Rowan Bohde

Speeding Up Mingus

Posted by Rowan Bohde

Inspired by Cody Soyland's excellent post on caching in Django, I decided I was going to work on speeding up Mingus.

In the spirit of Mingus, I decided to use a reusable Django application to achieve this. My choice was StaticGenerator.

With the provided middleware, generating the static pages is simple. Cleaning this up, however, isn't as easy. Mingus leverages a very modular design for building pages, making it a great candidate for template tag and view level caching. Many individual parts are cached and reused for different pages, really decreasing the number of database queries.

My initial strategy was to clear the static cache of any changed pages using Django's Signals. It was simple, if a bit tedious, to set up. And it was incomplete.
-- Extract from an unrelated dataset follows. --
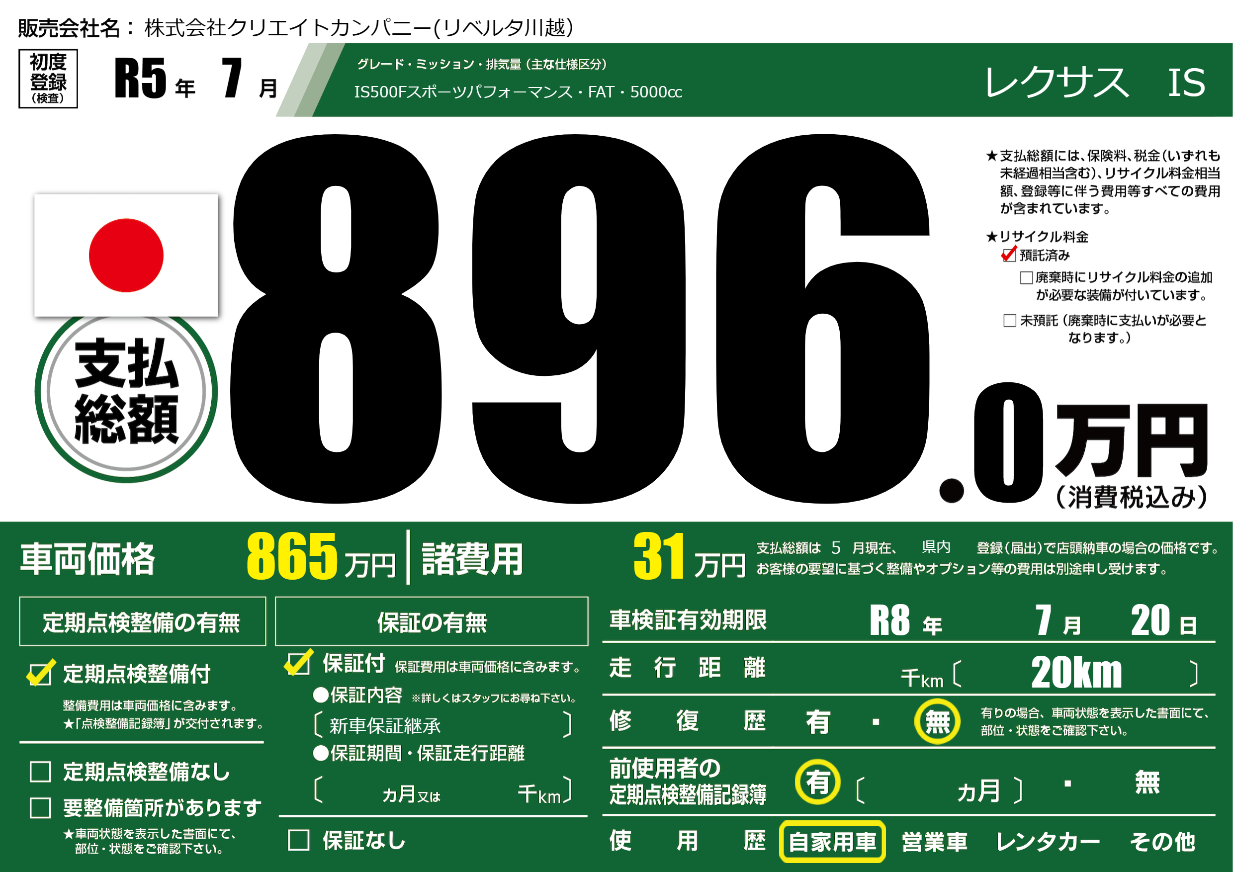 IS500Fスポーツパフォーマンス・FAT・5000㏄ |

Consider what happens when a user visits some page that caches the list of posts in memory, right before a new post is published. If the home page is visited before the cache expires, the new post will not show up in the list of posts, but will be shown in the body of the home page.
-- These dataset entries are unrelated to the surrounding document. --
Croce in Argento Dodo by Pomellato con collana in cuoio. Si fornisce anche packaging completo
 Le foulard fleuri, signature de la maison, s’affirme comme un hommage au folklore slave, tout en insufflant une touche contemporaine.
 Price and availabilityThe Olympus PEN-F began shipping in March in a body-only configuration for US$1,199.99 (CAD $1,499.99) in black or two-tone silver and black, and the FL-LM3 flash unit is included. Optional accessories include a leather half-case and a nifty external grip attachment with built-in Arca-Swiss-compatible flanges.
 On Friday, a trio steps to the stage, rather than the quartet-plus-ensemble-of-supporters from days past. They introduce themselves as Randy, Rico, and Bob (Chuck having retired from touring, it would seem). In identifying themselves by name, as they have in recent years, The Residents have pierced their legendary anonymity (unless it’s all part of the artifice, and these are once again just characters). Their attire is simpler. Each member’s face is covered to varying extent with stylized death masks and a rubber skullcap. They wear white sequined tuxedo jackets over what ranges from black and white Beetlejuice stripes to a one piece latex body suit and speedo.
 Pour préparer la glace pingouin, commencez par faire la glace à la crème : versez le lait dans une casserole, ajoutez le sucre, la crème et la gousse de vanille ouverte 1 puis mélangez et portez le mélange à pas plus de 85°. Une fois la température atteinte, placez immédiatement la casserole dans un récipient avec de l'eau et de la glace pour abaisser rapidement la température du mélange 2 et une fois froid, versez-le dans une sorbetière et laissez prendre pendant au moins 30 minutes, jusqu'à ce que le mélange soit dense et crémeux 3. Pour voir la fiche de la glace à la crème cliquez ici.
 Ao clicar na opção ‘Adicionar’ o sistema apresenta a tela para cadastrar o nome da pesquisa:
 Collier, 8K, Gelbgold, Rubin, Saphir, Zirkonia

With direction from this Django Snippet, I added the ability to clear template caches on update, fixing this problem. Unfortunately, it currently requires hardcoding the template fragment names, making the cache invalidation logic dependent on the templates. I want to get rid of this, but haven't thought of an elegant way to solve this.

As I was writing this post, I stumbled upon another problem. If I saved a post as a draft, then visited it, StaticGenerator would allow anyone to see it. Luckily, Jon Smelquist on Github had a commit that added the ability to generate static pages only for anonymous users. With that and a few more checks, my own fork of StaticGenerator addresses this problem.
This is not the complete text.